Here is the structure you need to add. It uses the `@ai-sdk/openai-compatible` provider adapter which speaks the standard OpenAI wire format (which OpenRouter and our facade also speak).

**Note:** If you already have an `opencode.json` file with existing providers, do not overwrite it. Instead, carefully add the `"fanoutlocal"` key into your existing `"provider"` object.

```json
{
"provider": {
"fanoutlocal": {
"npm": "@ai-sdk/openai-compatible",
"name": "Fan-Out OpenRouter",
"options": {
"baseURL": "http://127.0.0.1:8000/api/v1",
"apiKey": "{env:OPENROUTER_API_KEY}"
},
"models": {
"fanout/minimal": {
"name": "Fanout Minimal (Local)"
}
}
}
}
}
```

#### What this does:
1. **`fanoutlocal`** is the ID of the provider you are registering.
2. **`baseURL`** points to your local facade's API endpoint (change the port if your local server runs on something other than `8000`).
3. **`apiKey`** uses `{env:OPENROUTER_API_KEY}`. This is a very handy opencode feature that pulls the API key securely from your environment variables rather than hardcoding it in the JSON file. Our facade requires a valid OpenRouter API key so it can pass the requests upstream.
4. **`models`** explicitly lists the virtual models that the facade exposes so that they show up in `opencode models` and can be routed to.

#### How to use it:
Once this is in your config and your facade is running locally in another terminal (`just dev`), you can invoke opencode to use this new provider and model like so:

```bash
OPENROUTER_API_KEY="sk-or-..." opencode run --model fanoutlocal/fanout/minimal "Read my README.md file and summarize it."
```

#### Ad-hoc Model Routing with Opencode
Our facade supports ad-hoc fan-out by passing multiple models as a comma-separated string (e.g., `anthropic/claude-3.5-haiku,openai/gpt-4o-mini`). However, Opencode strictly validates model names locally before ever sending the request.

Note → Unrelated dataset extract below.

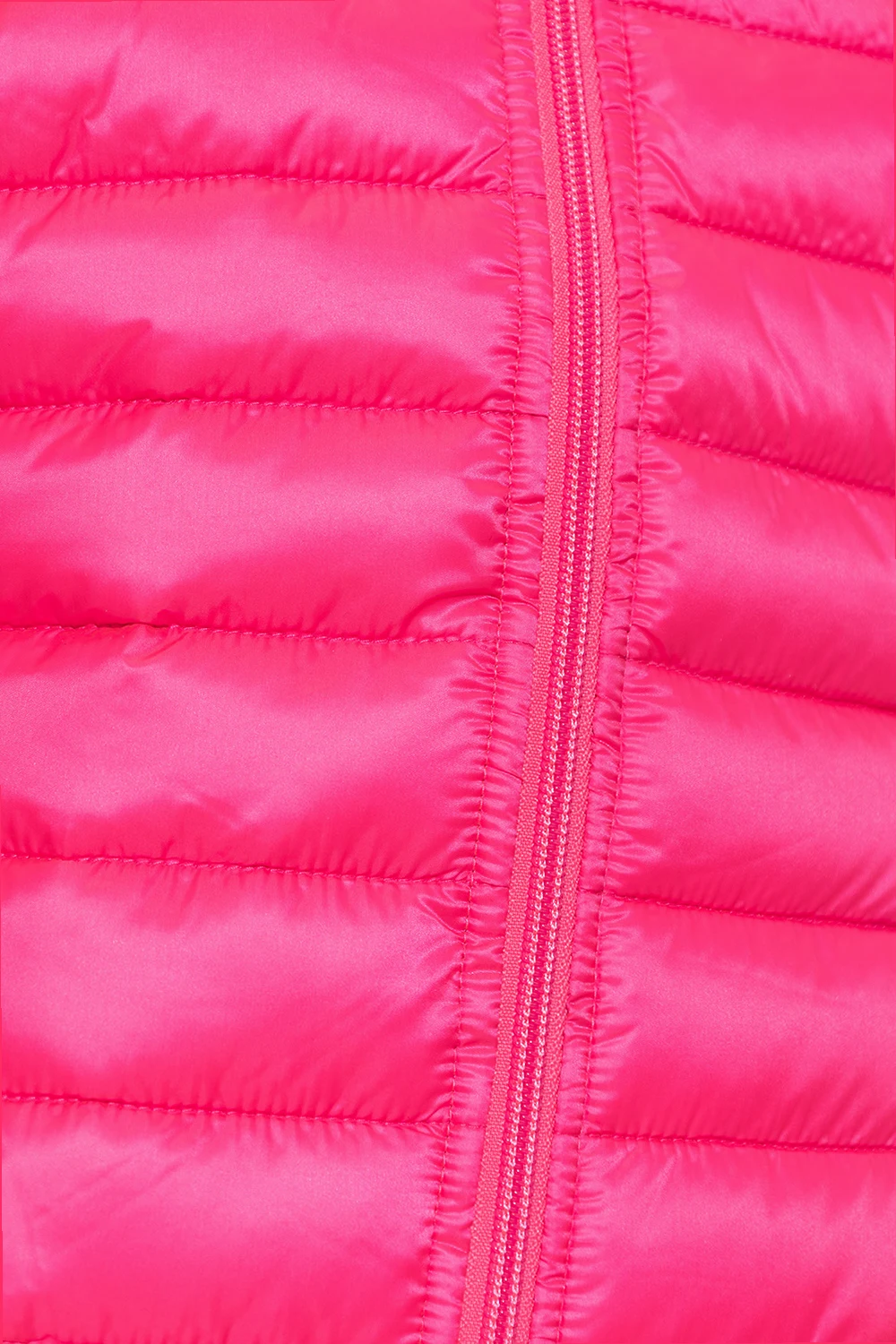 Neonoworóżowa, pikowana kurtka, model ‘Kyla’ Save The Duck. Zapinana na dwubiegunowy zamek. Z przodu dwie kieszenie zapinane na zamek. Długie rękawy - na jednym gumowa naszywka z logo.
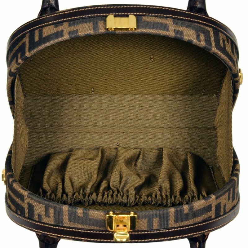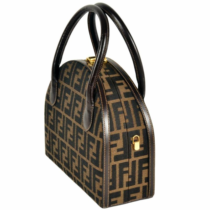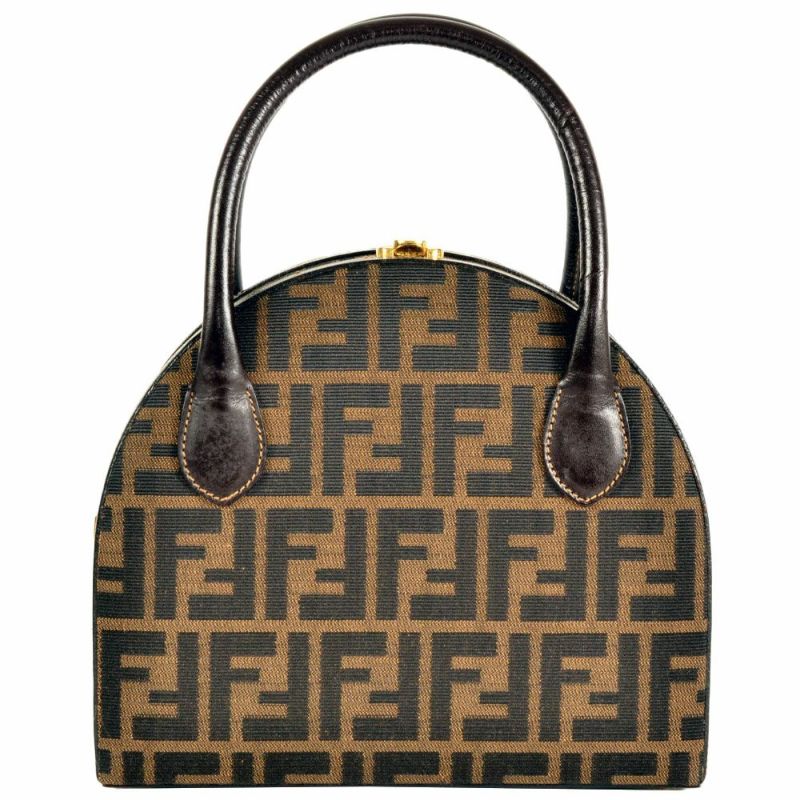 3. フェンディ FENDI ズッカ柄 ラウンドバニティ ハンドバッグ ブラウン【中古】

To use ad-hoc routing via Opencode, you must explicitly register your exact comma-separated string as a model in your `opencode.json` configuration:

```json
"models": {
"fanout/minimal": {
"name": "Fanout Minimal (Local)"
},
"anthropic/claude-3.5-haiku,openai/gpt-4o-mini": {
"name": "Ad-hoc Claude+GPT"
}
}
```

Then you can invoke it just like any other model:
```bash
OPENROUTER_API_KEY="sk-or-..." opencode run --model "fanoutlocal/anthropic/claude-3.5-haiku,openai/gpt-4o-mini" "Your prompt"
```

## Development and Testing

The project uses `pytest` for testing, `ruff` for linting/formatting, and relies heavily on live smoke testing against OpenRouter to ensure absolute contract parity.

```bash
# Run formatting and linting
uv run ruff format .
uv run ruff check .

# Run the test suite
# Note: The default test suite includes live smoke coverage against OpenRouter.
# OPENROUTER_API_KEY must be available via the environment or .env
uv run pytest
```

## Contributing

Contributions are welcome! Please ensure that:
1. You run `uv run ruff check .` and `uv run ruff format .` before submitting.
2. The entire test suite (`uv run pytest`) passes. If you are changing the API surface, pay special attention to the parity tests (`test_parity.py`).
3. You follow the existing code structure and formatting conventions.

## License

This project is licensed under the MIT License - see the LICENSE file for details.